Days three and subsequent days—the
road back
What must be done to reduce the impact of the calamity? Who helps
employees cope with the shock they are feeling, their sense of loss,
their concern for their jobs?
Who takes charge of finding the resources the organization will
need? Who is charged with returning productivity to normal? Who
makes sure that existing contracts and obligations are fulfilled?
Who will measure the rate at which the organization returns to 'business
as usual'?
Don't expect any of this to happen on
its own
Major corporate decisions will have to be made, as well as many
minor ones. In the absence of planning, all these decisions
will devolve on distracted upper managers—who will find questions
being flung at them from a hundred different directions. Management
may be frustrated and baffled that nothing seems to be happening
on time, that nothing works any more as it is supposed to.
Damage-control
I urge every organization to appoint, in advance of any accident,
a damage control team, to look at all the issues that will need
to be addressed, and to draw up contingency plans.
The damage control plan goes beyond the immediate requirements of
an emergency response plan, which deals with
the physical concerns of getting everyone to safety. The damage
control plan is the plan of what to do next.
Here are some of the issues to cover in your plan:
The plan should address all the contingencies
(with alternatives) and assign personnel to deal with them Immediate
and positive response is essential, as is visibility of higher managers.
But these company officers will not be able to respond effectively
if they are drowned in a mass of detail. Upper managers need to
be free to deal with the press, shareholders, sensitive customer
relations. If the details are handled competently by others, upper
management is free to deal with the larger issues, and the fallout
will be proportionately less.
The damage-control team must identify
major concerns
that should be addressed by the president and upper management,
and list administrative actions and decisions that others can take
care of
Roles must be assigned: people must know their specific responsibilities
and be able to make decisions and take action within their assignments.
Early morning meetings of the damage-control team must be scheduled
for each day, commencing on day two.
The damage-control plan must cover every facet of the organization's
activities.

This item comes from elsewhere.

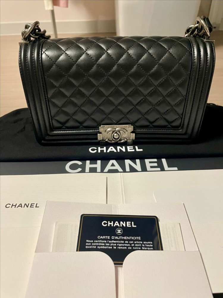 샤넬 보이백 은장 램스킨 상태 매우좋음. 2회 착용후 보관 압구정 현대백화점 구매 박스 게런티카드 등등 풀박 구성 댓글 잘 안보니 꼭 문자로. 네고 가능하오니 연락 주세요. 고가인만큼 직거래 010-3942-0745
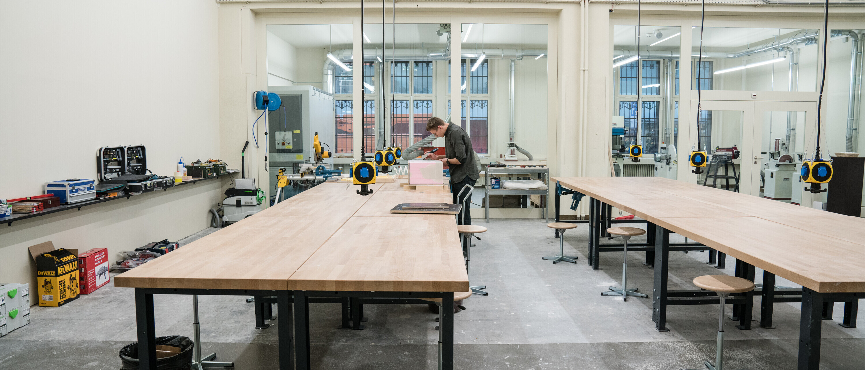 Bei der Arbeit in den Werkstätten steht die Auseinandersetzung mit den unterschiedlichen (Bau-)Materialien und deren Fügung im Zentrum. Die praktische Umsetzung von Übungen und Entwürfen in den Werkstätten ermöglicht es Ihnen, Erlerntes zu begreifen. Sie lernen, Maschinen und Verfahren für die Bearbeitung der unterschiedlichen Materialien anzuwenden und werden für die Nutzung der professionell ausgestatteten Werkstätten geschult, sowie von den Dozierenden bei Ihren Arbeiten begleitet.

Plans must be made and roles clearly assigned to contact
employees, suppliers and customers, for instance. Contingency production
plans must be in place.
The plan should include management at
all levels
It must cover every manager and supervisor. Managers and supervisors
should not be left wondering how they are going to explain the occurrence
to their immediate crew. They should be able to expect a clear communiqué
issued by a knowledgeable management person acting for top management.
If the president or facility manager
is not involved directly in the damage-control team, he or she should
see its report and approve the final plan
If upper management is involved in the plan, it will have greater
credibility.
Communication lies at the heart of the
plan
Copies must be circulated among all personnel affected by it. The
plan should be discussed, and everyone must know and understand
their assigned roles. The better everyone can play their parts,
the faster the organization can return to normal.